■ Extracted records
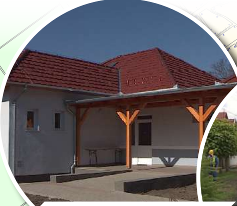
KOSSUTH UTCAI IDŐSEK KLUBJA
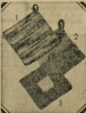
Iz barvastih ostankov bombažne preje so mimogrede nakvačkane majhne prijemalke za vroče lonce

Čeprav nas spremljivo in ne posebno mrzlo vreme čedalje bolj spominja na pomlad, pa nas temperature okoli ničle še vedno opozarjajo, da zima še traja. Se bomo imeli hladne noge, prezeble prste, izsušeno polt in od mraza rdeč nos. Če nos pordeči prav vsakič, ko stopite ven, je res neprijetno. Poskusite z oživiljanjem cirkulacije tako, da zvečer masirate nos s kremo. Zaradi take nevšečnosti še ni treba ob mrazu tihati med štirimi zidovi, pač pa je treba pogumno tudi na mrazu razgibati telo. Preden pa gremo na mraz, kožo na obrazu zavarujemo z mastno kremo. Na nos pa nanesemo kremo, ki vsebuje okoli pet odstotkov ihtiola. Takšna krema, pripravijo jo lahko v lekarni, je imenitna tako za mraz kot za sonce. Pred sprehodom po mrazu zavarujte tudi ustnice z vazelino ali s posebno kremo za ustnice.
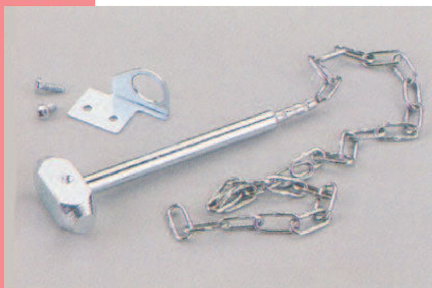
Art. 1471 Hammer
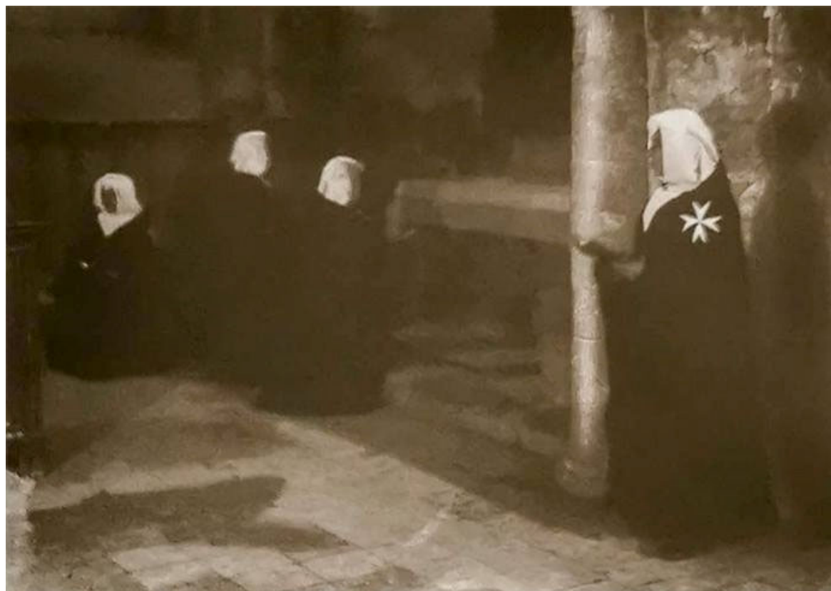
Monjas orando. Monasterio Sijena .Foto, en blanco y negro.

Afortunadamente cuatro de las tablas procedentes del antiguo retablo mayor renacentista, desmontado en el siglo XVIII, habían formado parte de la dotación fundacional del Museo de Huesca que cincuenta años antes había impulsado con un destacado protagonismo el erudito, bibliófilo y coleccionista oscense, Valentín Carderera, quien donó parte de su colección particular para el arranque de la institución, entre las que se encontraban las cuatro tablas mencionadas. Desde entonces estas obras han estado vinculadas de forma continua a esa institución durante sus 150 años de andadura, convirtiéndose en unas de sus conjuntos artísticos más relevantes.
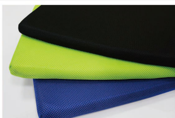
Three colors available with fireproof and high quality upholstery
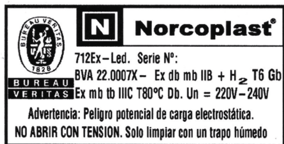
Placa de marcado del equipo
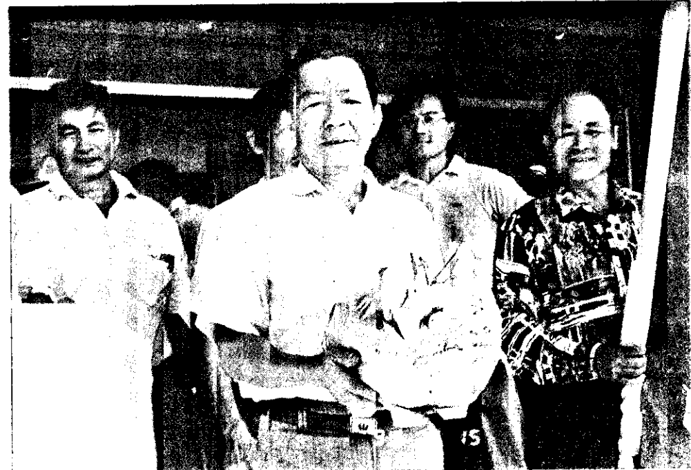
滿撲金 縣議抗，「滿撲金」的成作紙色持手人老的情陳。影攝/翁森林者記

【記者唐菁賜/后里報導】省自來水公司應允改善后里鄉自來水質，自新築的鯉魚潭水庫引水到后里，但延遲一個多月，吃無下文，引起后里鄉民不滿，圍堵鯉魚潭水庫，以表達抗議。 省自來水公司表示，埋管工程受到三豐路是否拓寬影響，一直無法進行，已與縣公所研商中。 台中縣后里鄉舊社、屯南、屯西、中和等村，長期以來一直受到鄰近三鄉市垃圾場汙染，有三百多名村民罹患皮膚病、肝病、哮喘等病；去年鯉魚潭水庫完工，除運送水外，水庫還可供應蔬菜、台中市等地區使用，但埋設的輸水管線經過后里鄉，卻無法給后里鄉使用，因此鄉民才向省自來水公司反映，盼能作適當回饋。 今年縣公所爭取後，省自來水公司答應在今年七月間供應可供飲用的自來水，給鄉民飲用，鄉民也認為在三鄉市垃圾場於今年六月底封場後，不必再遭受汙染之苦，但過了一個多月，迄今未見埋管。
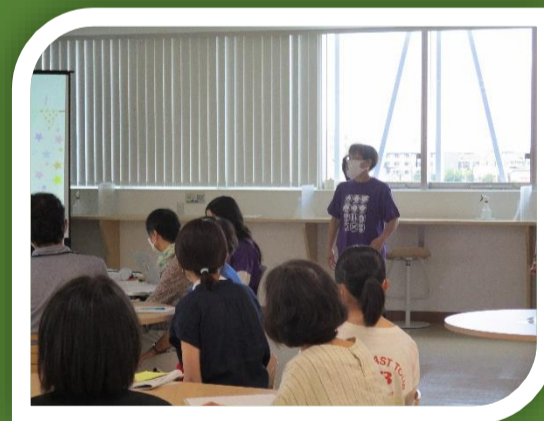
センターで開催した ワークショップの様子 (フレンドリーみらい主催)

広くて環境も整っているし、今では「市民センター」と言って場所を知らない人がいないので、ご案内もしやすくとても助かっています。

■ Task
Please give the material above again in full, with no pictures in your version.

■ Exercise output
KOSSUTH UTCAI IDŐSEK KLUBJA
Iz barvastih ostankov bombažne preje so mimogrede nakvačkane majhne prijemalke za vroče lonce

Čeprav nas spremljivo in ne posebno mrzlo vreme čedalje bolj spominja na pomlad, pa nas temperature okoli ničle še vedno opozarjajo, da zima še traja. Se bomo imeli hladne noge, prezeble prste, izsušeno polt in od mraza rdeč nos. Če nos pordeči prav vsakič, ko stopite ven, je res neprijetno. Poskusite z oživiljanjem cirkulacije tako, da zvečer masirate nos s kremo. Zaradi take nevšečnosti še ni treba ob mrazu tihati med štirimi zidovi, pač pa je treba pogumno tudi na mrazu razgibati telo. Preden pa gremo na mraz, kožo na obrazu zavarujemo z mastno kremo. Na nos pa nanesemo kremo, ki vsebuje okoli pet odstotkov ihtiola. Takšna krema, pripravijo jo lahko v lekarni, je imenitna tako za mraz kot za sonce. Pred sprehodom po mrazu zavarujte tudi ustnice z vazelino ali s posebno kremo za ustnice.
Art. 1471 Hammer
Monjas orando. Monasterio Sijena .Foto, en blanco y negro.

Afortunadamente cuatro de las tablas procedentes del antiguo retablo mayor renacentista, desmontado en el siglo XVIII, habían formado parte de la dotación fundacional del Museo de Huesca que cincuenta años antes había impulsado con un destacado protagonismo el erudito, bibliófilo y coleccionista oscense, Valentín Carderera, quien donó parte de su colección particular para el arranque de la institución, entre las que se encontraban las cuatro tablas mencionadas. Desde entonces estas obras han estado vinculadas de forma continua a esa institución durante sus 150 años de andadura, convirtiéndose en unas de sus conjuntos artísticos más relevantes.
Three colors available with fireproof and high quality upholstery
Placa de marcado del equipo
滿撲金 縣議抗，「滿撲金」的成作紙色持手人老的情陳。影攝/翁森林者記

【記者唐菁賜/后里報導】省自來水公司應允改善后里鄉自來水質，自新築的鯉魚潭水庫引水到后里，但延遲一個多月，吃無下文，引起后里鄉民不滿，圍堵鯉魚潭水庫，以表達抗議。 省自來水公司表示，埋管工程受到三豐路是否拓寬影響，一直無法進行，已與縣公所研商中。 台中縣后里鄉舊社、屯南、屯西、中和等村，長期以來一直受到鄰近三鄉市垃圾場汙染，有三百多名村民罹患皮膚病、肝病、哮喘等病；去年鯉魚潭水庫完工，除運送水外，水庫還可供應蔬菜、台中市等地區使用，但埋設的輸水管線經過后里鄉，卻無法給后里鄉使用，因此鄉民才向省自來水公司反映，盼能作適當回饋。 今年縣公所爭取後，省自來水公司答應在今年七月間供應可供飲用的自來水，給鄉民飲用，鄉民也認為在三鄉市垃圾場於今年六月底封場後，不必再遭受汙染之苦，但過了一個多月，迄今未見埋管。
センターで開催した ワークショップの様子 (フレンドリーみらい主催)

広くて環境も整っているし、今では「市民センター」と言って場所を知らない人がいないので、ご案内もしやすくとても助かっています。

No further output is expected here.